Embryocytoma is a rare neoplasm, which is a tumor consisting of cells of embryonic origin. This tumor occurs due to mutations in the genes that control the development of embryonic cells, and leads to uncontrolled growth of these cells.
Embryocytes are the most common germ cell tumors (GCTs) that can be found in various tissues of the body. They can occur in any tissue, but are most common in the ovaries, testicles, lungs, breasts, skin and brain.
Symptoms of embryocytoma may include abdominal pain, abdominal enlargement, bleeding from the vagina or urination, and changes in the menstrual cycle. If the tumor is not treated, it can lead to serious complications such as tumor rupture and bleeding, which can lead to death.

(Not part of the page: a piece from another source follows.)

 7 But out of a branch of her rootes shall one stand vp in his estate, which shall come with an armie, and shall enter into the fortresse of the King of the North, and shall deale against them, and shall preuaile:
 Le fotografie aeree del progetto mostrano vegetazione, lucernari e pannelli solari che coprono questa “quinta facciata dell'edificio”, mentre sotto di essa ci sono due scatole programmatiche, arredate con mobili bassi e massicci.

Treatment for embryocytoma includes surgical removal of the tumor, chemotherapy, or radiation therapy. The choice of treatment method depends on the size of the tumor, its location and the stage of the disease.

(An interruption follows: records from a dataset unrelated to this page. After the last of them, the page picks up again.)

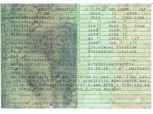 Graffi/schegge di pietra e segni di uso. I danni da incidente sulla destra, inclusa la porta scorrevole premuta, possono essere aperti solo dall'interno! Ab. II. No.WU156097. Schegge di pietra sul parabrezza, rivestimento del sedile del guidatore, guancia danneggiata. Tracce di rimozione all'interno
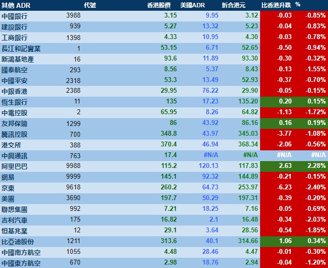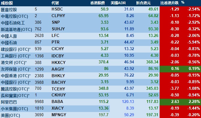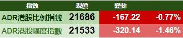 智通财经APP获悉,周二美股三大指数涨跌不一,港股ADR指数下跌,按比例计算,收报21686点,较香港收市跌167.22点或0.77%。
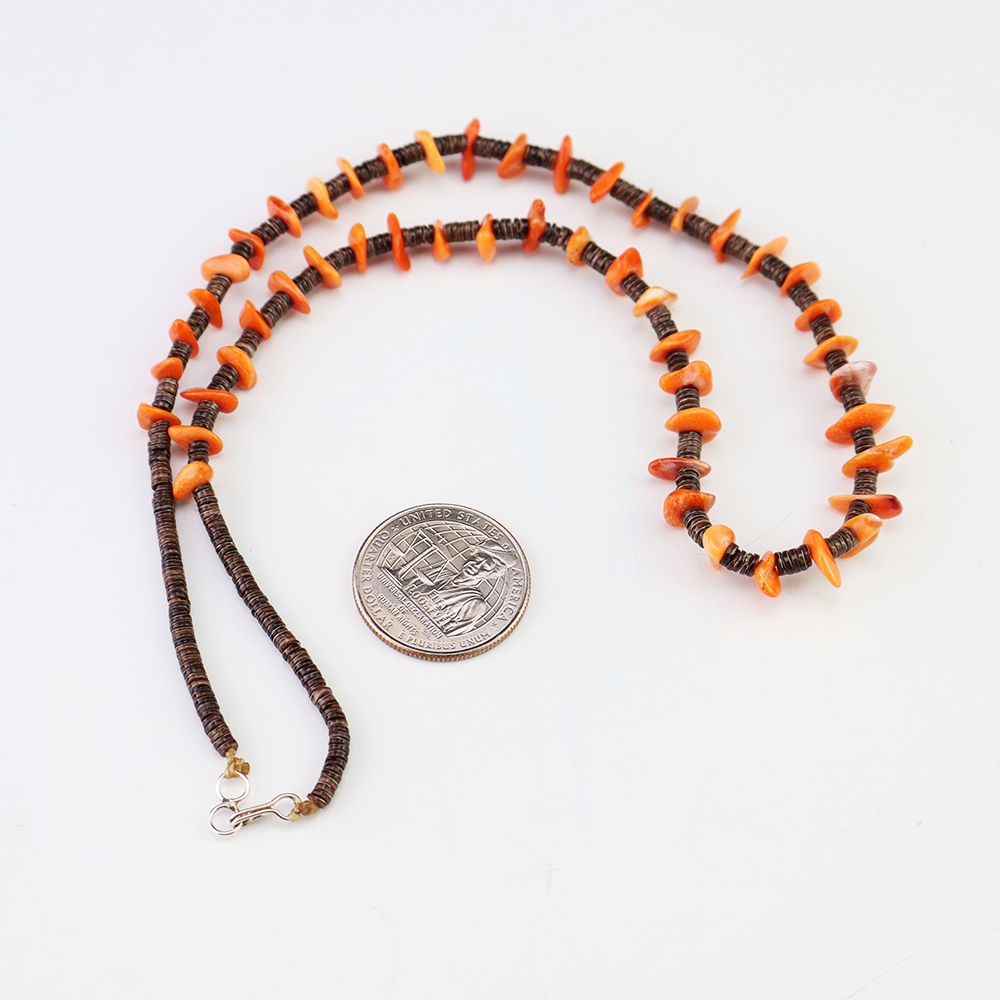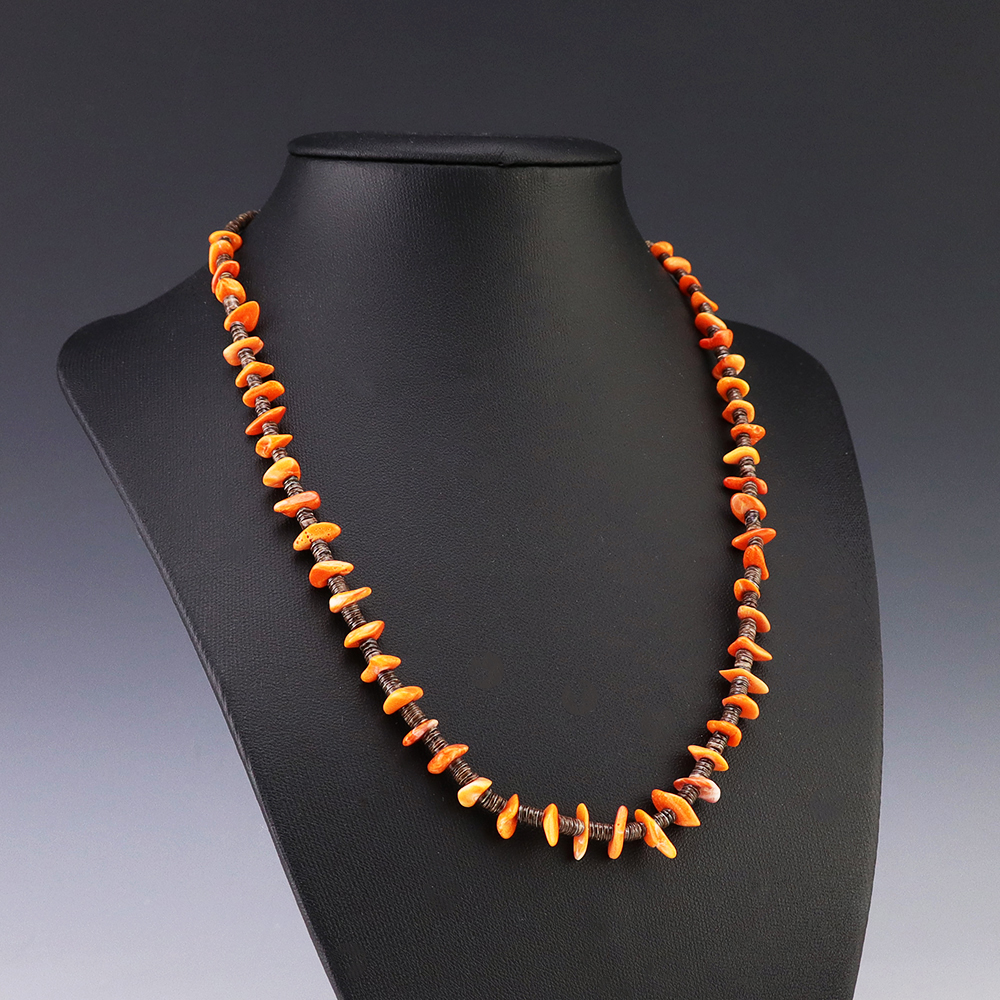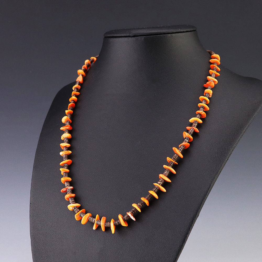 This necklace, hand made by Kewa artist Jeanette Calabaza, is a lovely statement piece. The necklace showcases fine Olive Shell and Spiny Oyster. The strand of heishi is finished off with a hook and eye. Weighs 12 grams.
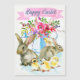 Divirta-se em enviar esta bela saudação de Páscoa de aquarela para sua família e amigos, para que eles possam aproveitá-la por muito tempo. Dois coelhos de cinza aquosa e quatro pintinhos amarelos em frente a um regador podem ser cheios de flores de primavera roxas e cor-de-rosa. Uma faixa rosa no topo com "Felz pascoa".
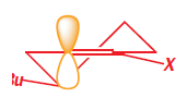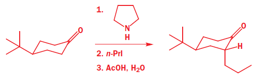 It is a simple matter to show that the preferred product has the new propyl group in the axial position because both the starting ketone and the product have chair conformations with the t-butyl equatorial. To get at the explanation we need to look at the conformation of the enamine intermediate. At this point we shall generalize a bit more and write a structure that represents any enol derivative where X may be OH, O- , OSiMe3 , NR2 , and so on. The conformation has a double bond in the ring, and is a partially flattened chair.
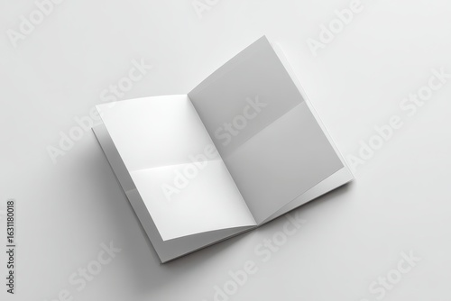 Open White Brochure Mockup on Clean Background, Blank Pages, Folded Paper, Minimalist Design
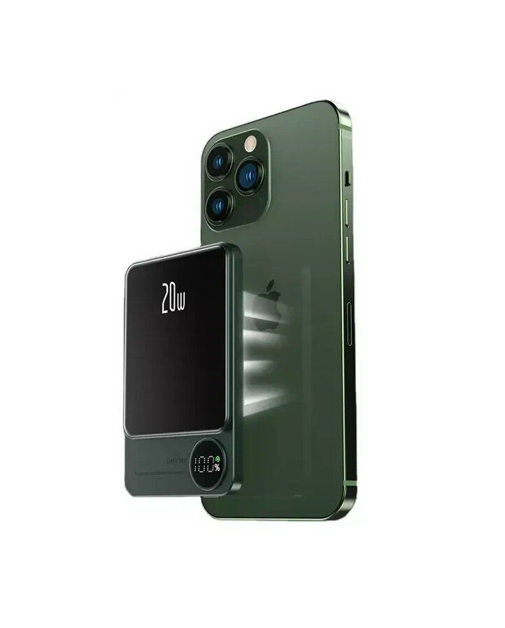 Беспроводной Power bank 10000 мАч 20 Ватт MagSafe для Apple iPhone / Магнитная быстрая зарядка на Эпл Айфон / Внешний аккумулятор / Повербанк / Зеленый

It is important to note that embryocytoma is a rare disease and its diagnosis can be difficult due to the lack of specific symptoms. Therefore, if you have any suspicions about embryocytoma, it is recommended to consult a doctor for diagnosis and selection of the most appropriate treatment method.
Embryocytes (embryocytes; lat. embryocytus “embryo tumor”) are an imperfect type of extracellular formation (especially often embryodeniomas), arising from undifferentiated stem cells of the embryo.

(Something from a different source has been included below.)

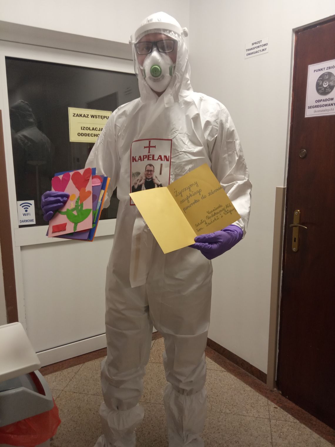 – Poza pracą w szpitalu jestem także katechetą. Uczniowie młodszych klas z mojej szkoły podstawowej gdzie uczę, podczas zajęć na świetlicy przygotowali laurki z życzeniami powrotu do zdrowia dla pacjentów przebywających w szpitalu. Gdy rozdawałem je na oddziałach towarzyszyło temu wielkie wzruszenie. Zwłaszcza starsi pacjenci, którzy mają już wnuki mieli łzy w oczach. Fakt, że ich los nie jest obojętny dla dzieci był dla nich bardzo ważny. Bez ciepłych ludzkich relacji bardzo trudno przetrwać czas choroby, hospitalizacji czy po prostu pandemii.
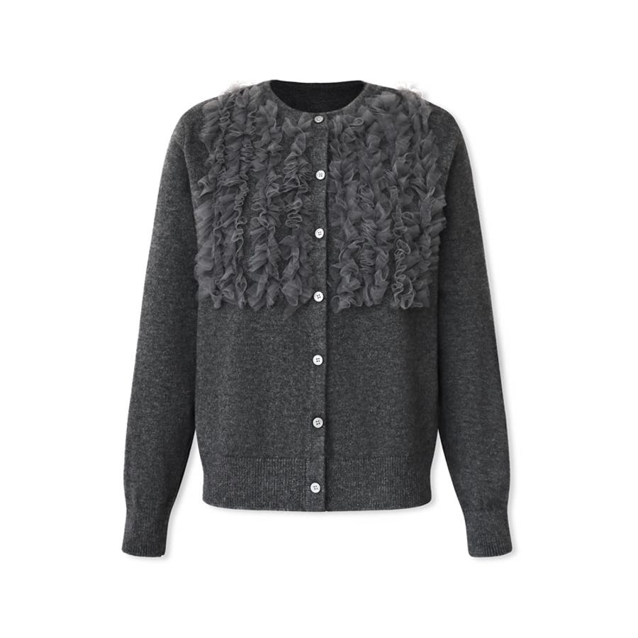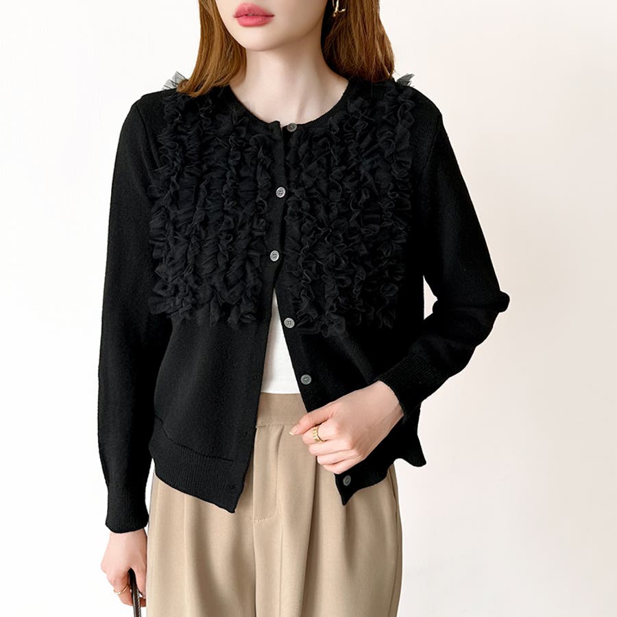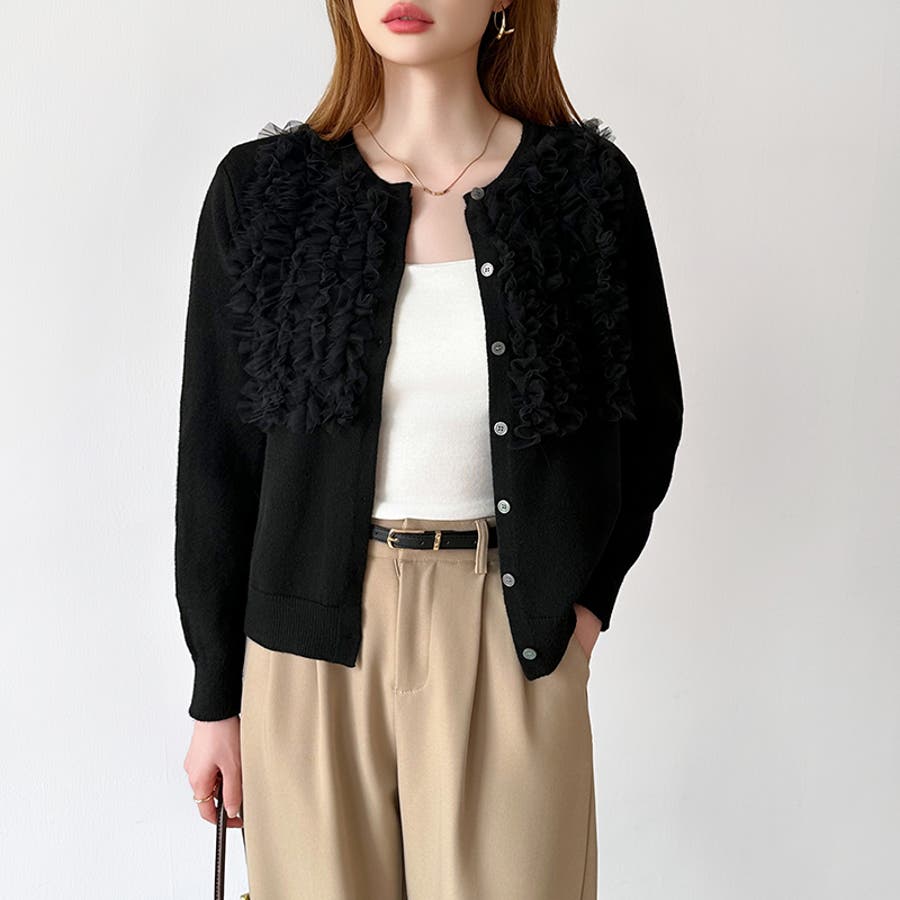 大人のニュアンスを重ねるチュールフリルカーディガン カーディガン チュール

EMBRYOCYTOMA (tumor-like teratomas, ectodermomas or pseudo-embryos) is a tumor-like formation in the liver containing pieces of bone tissue, cartilage, desquamated dermatophytes, sometimes hair fragments, parts of a tumor in histology and thymomyeloacanthocytomatosis. The formation of embryocytes always leads to malignancy of the tumor, often to the formation of secondary metastases in the lungs.